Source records
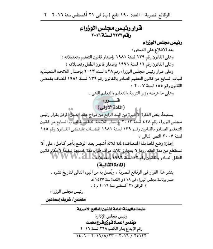 أقر مجلس الوزراء بقرار رقم 2272 لسنة 2016 أن إجازة الوضع للمعلمة المتعاقدة 3 أشهر بأجر كامل.
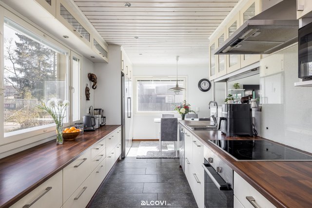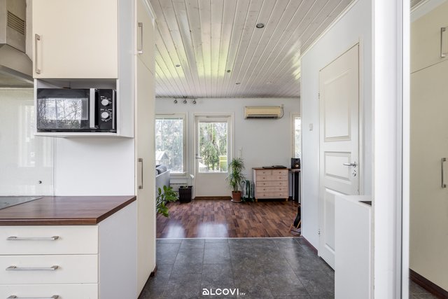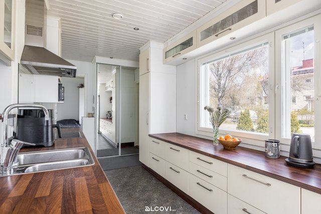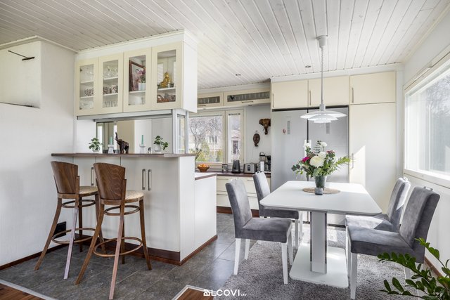 - Keittiön varustukseen kuuluu liesitaso, kalusteuuni, liesituuletin, astianpesukone, jääkaappi ja pakastin (uusittu 2023). Työtasot ovat laminaattia. Lattia on laattaa, seinät maalatut. Hyvin tilaa ruokailuun.
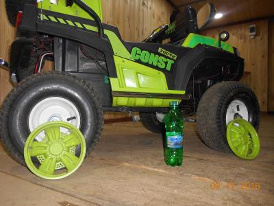 Переделанная китайская машина практически безаварийно прошла дорожные испытания в прошлом сезоне и теперь мой маленький водитель с нетерпением ждет прихода весны.
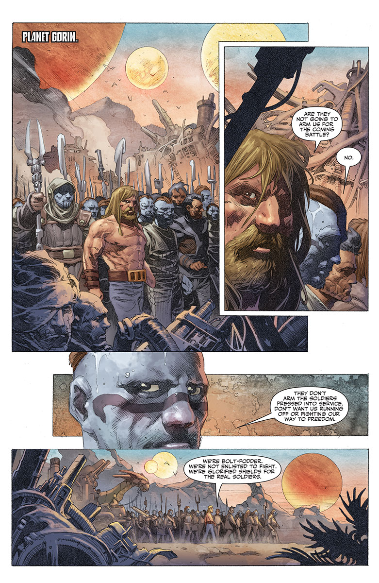 A brutal, deep-space saga awaits Valiant’s premiere hero here, as he enters a herculean voyage through the cosmos unlike anything fans have seen before! Alien planets, all-new characters, and out-of-this-world adversaries will stand revealed as Aric of Dacia rises from SOLDIER to GENERAL to EMPEROR to VISIGOTH in a star shattering adventure!
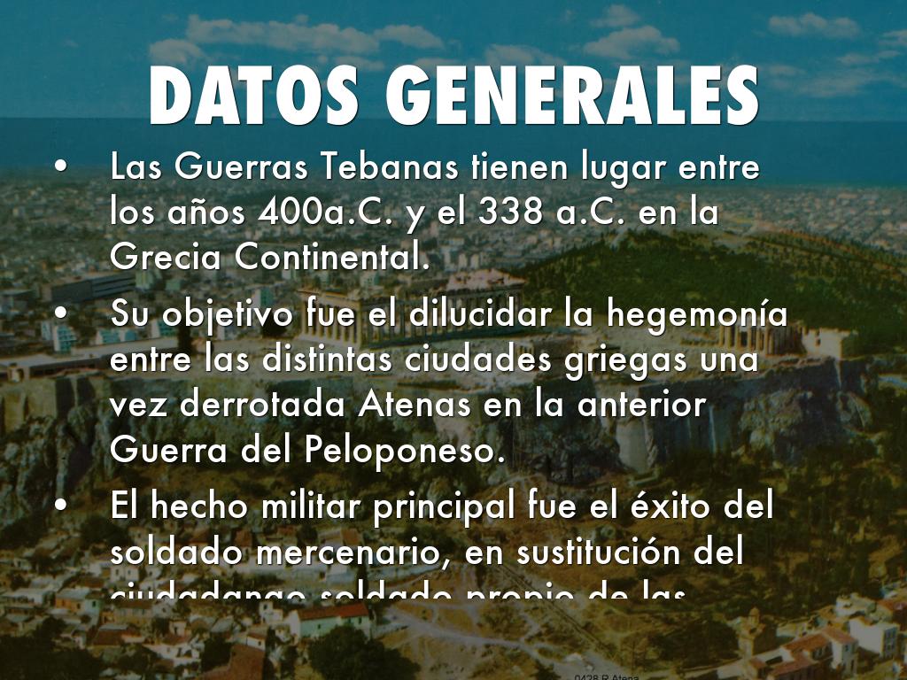 - Las Guerras Tebanas tienen lugar entre los años 400a.C. y el 338 a.C. en la Grecia Continental.
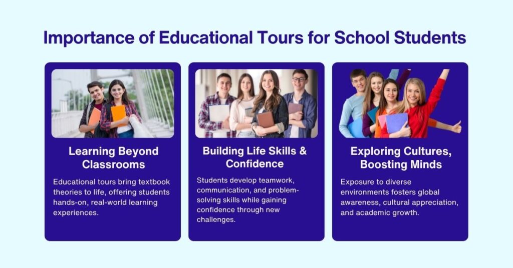 There are lots of benefits! Educational tours make learning more interactive and fun, help students understand their subjects better, encourage teamwork, boost creativity, and build confidence. Plus, students get to experience different cultures and develop skills that help them in life beyond school.
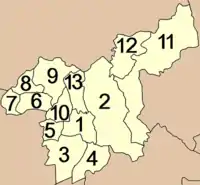 La provincia se divide en 13 distritos (Amphoe). Los distritos se subdividen a su vez en 111 comunas (tambon) y 965 villas.
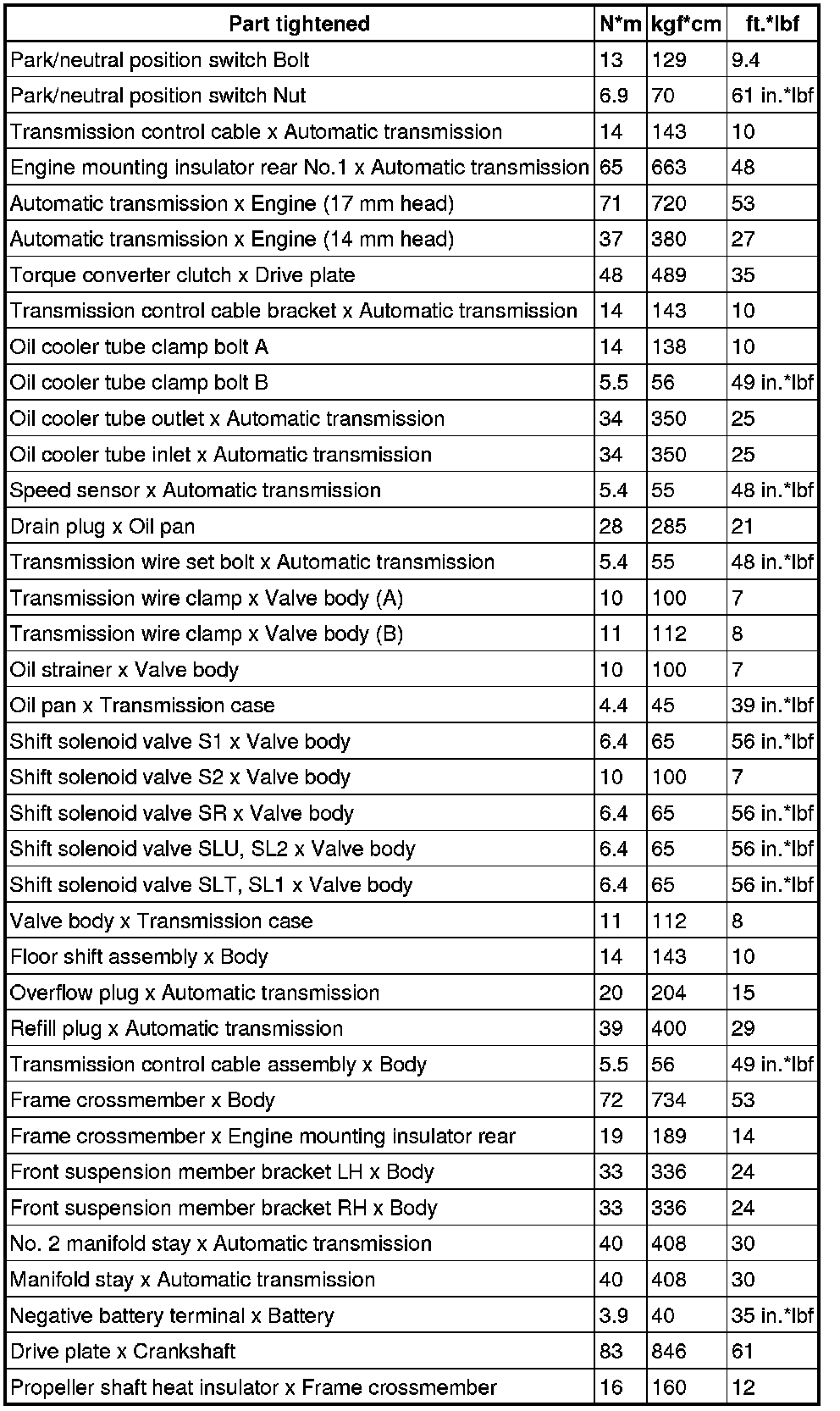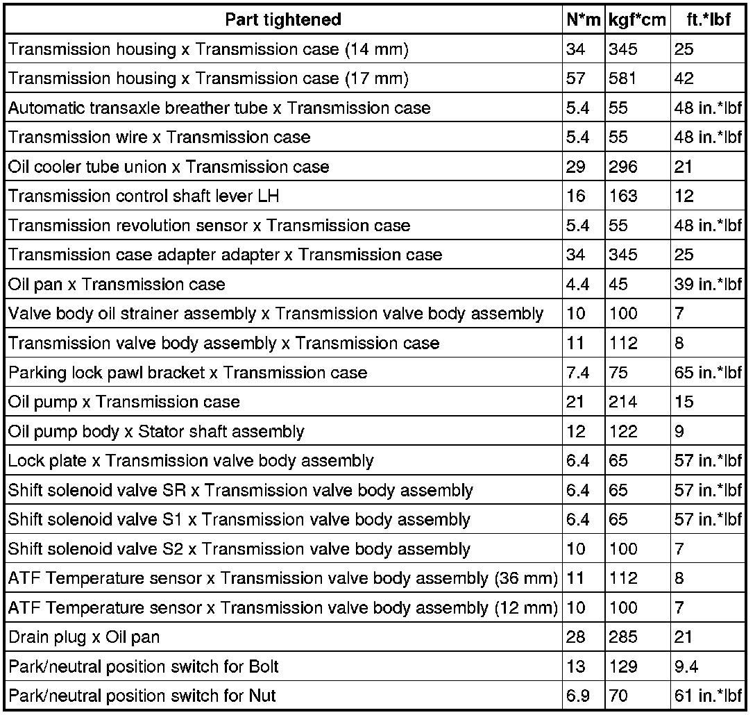 SERVICE SPECIFICATIONS: A750F AUTOMATIC TRANSMISSION: TORQUE SPECIFICATIONS
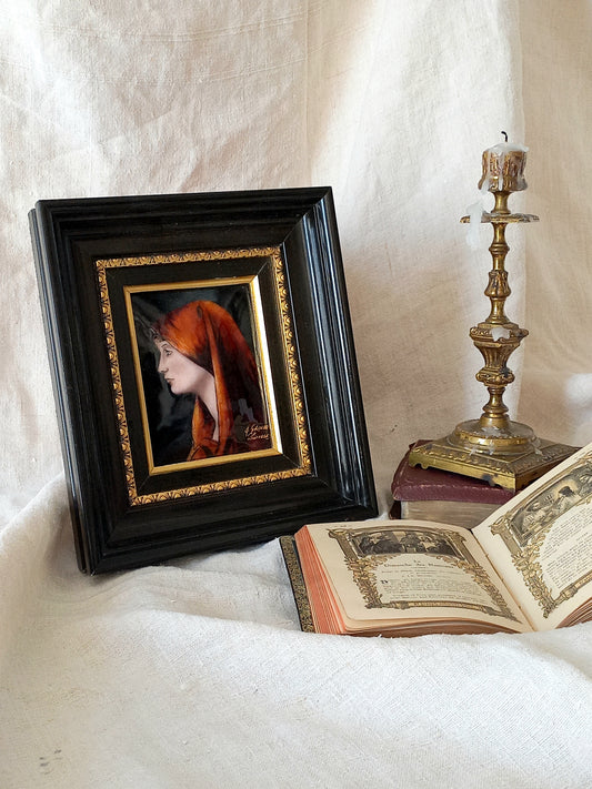 French Vintage Religious Saint Fabiola Enamel Portrait Painting in Frame by Limoges
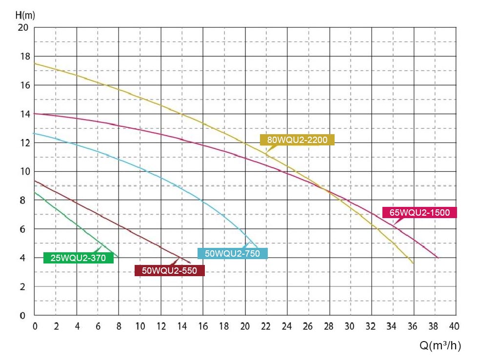 | 25WQU2-370D | 1Ph/220V | 0.37 | 0.5 | 1"/2" | 25/40 | 15 | 4 | 6 | 8.1 | 8.3 | 10.5 | 43x23×17 |
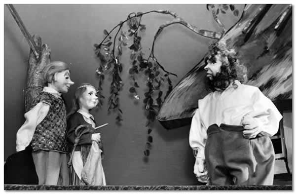 Nr 92 (286) ERN: “Kaval-Ants ja Vanapagan” (J. Kangilaski, 1954). Kuj. R. Laidre, nukud H. Vilms (vasakult): Kaval-Ants (R. Kuremaa), Sauna-Mari Miina (M. Orgussaar), Vanapagan (B. Mitt). /Foto: A. Alla/
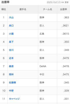 阪神大山、青柳からの3打席連続フォアボールで最高出塁率に王手
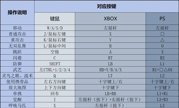 >这边是各平台游玩按键操作,比如Xbox/PS和键鼠操作。
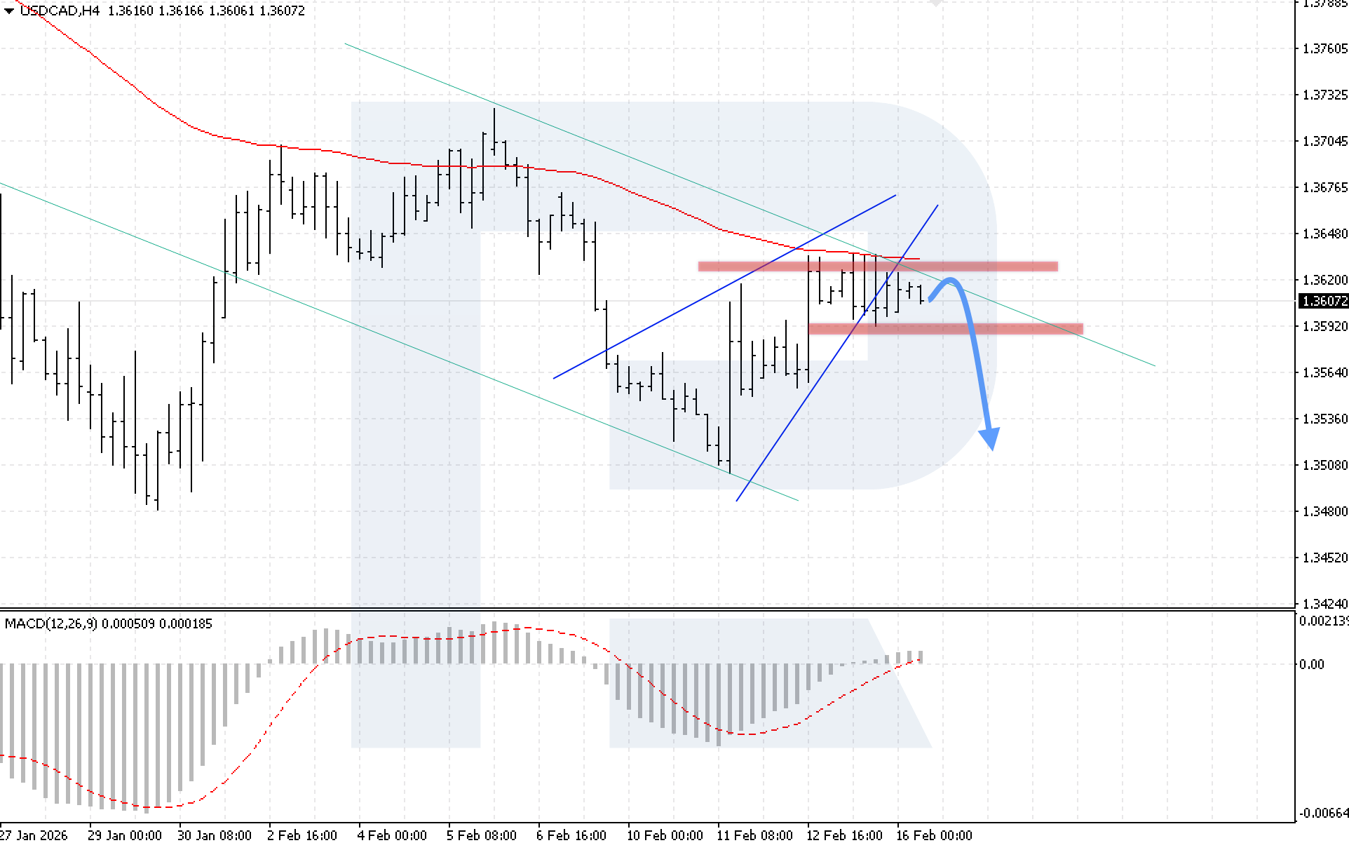 บนกราฟ H4 ของคู่สกุลเงิน USDCAD ตลาดยังคงเคลื่อนไหวภายในช่วงปรับฐานขาขึ้น ขณะที่ราคาได้เคลื่อนไหวหลุดออกจากขอบเขตรูปแบบกลับตัว Wedge วันนี้ 16 กุมภาพันธ์ 2026 สถานการณ์หลักพิจารณาการปรับตัวลงสู่ระดับ 1.3505 หลังการดีดตัวจากขอบบนของช่องขาลง
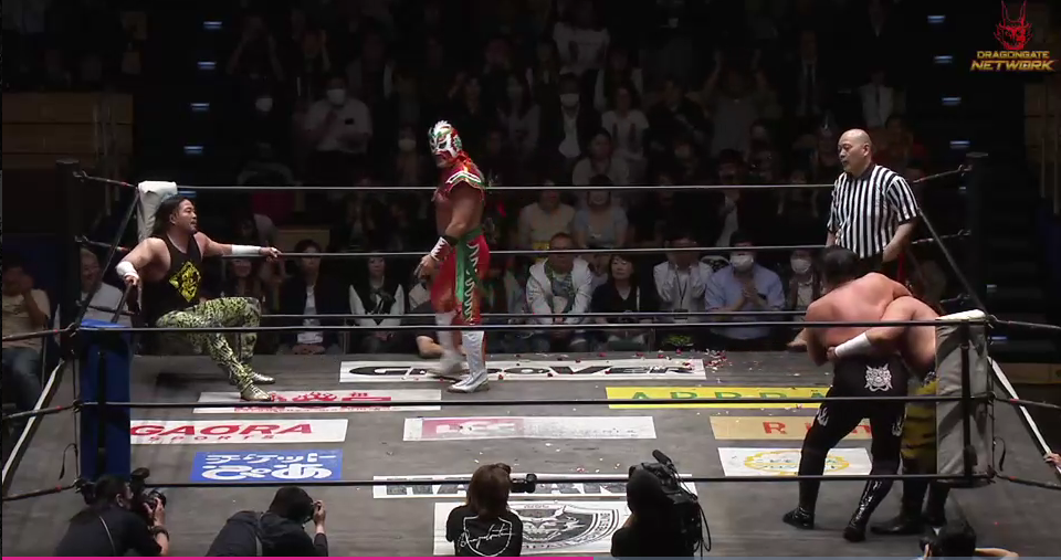 第5試合ではZ-BRATS入りを果たした菊田がシュンと組んで、YAMATO&ハルク対戦するが、菊田がいきなりハルクにラリアット、YAMATOには尻爆弾を浴びせ、シュンも加わり連係でYAMATO&ハルクを蹂躙する。ハルクは菊田に張り手の連打から浴びせ蹴り、バイシクルキックで反撃するとYAMATOがGo to HospitalⅡを決めるが。菊田はYAMATOにラリアット、シュンはハルクにカウンターブレーンバスターと攻め、菊田はYAMATOに再びラリアット、ハルクにショルダータックルからローリングラリアットで3カウントを奪い速攻で勝利、試合後も菊田がこれが新しいZ-BRATS、目的はDRAGON GATEを破壊だと断言すれば、シュンは観戦していた宮根誠司さんを呼び、ミヤネ屋に特別コメンデーターを要求したことにもかからずウヤムヤになったで腹いせに、ミヤネ屋の裏番組であるゴゴスマと、ミスターサンデーに情熱大陸に出演するとアピールしたことで、宮根さんも抗議するも、前回のGATE OF 宮根の相手だったグレート・O・カーンはせこすぎると抗議する。これに怒った宮根さんは次なる刺客を差し向けると宣言、斎了GMも承諾、GATE OF 宮根は後楽園で開催が決定する。

What you are asked to do: An exact copy is needed of the entries above, starting at the line that holds "La provincia se" and stopping at the line that holds "SERVICE SPECIFICATIONS: A750F", both kept; pictures stay out.

Exercise result:
 La provincia se divide en 13 distritos (Amphoe). Los distritos se subdividen a su vez en 111 comunas (tambon) y 965 villas.
 SERVICE SPECIFICATIONS: A750F AUTOMATIC TRANSMISSION: TORQUE SPECIFICATIONS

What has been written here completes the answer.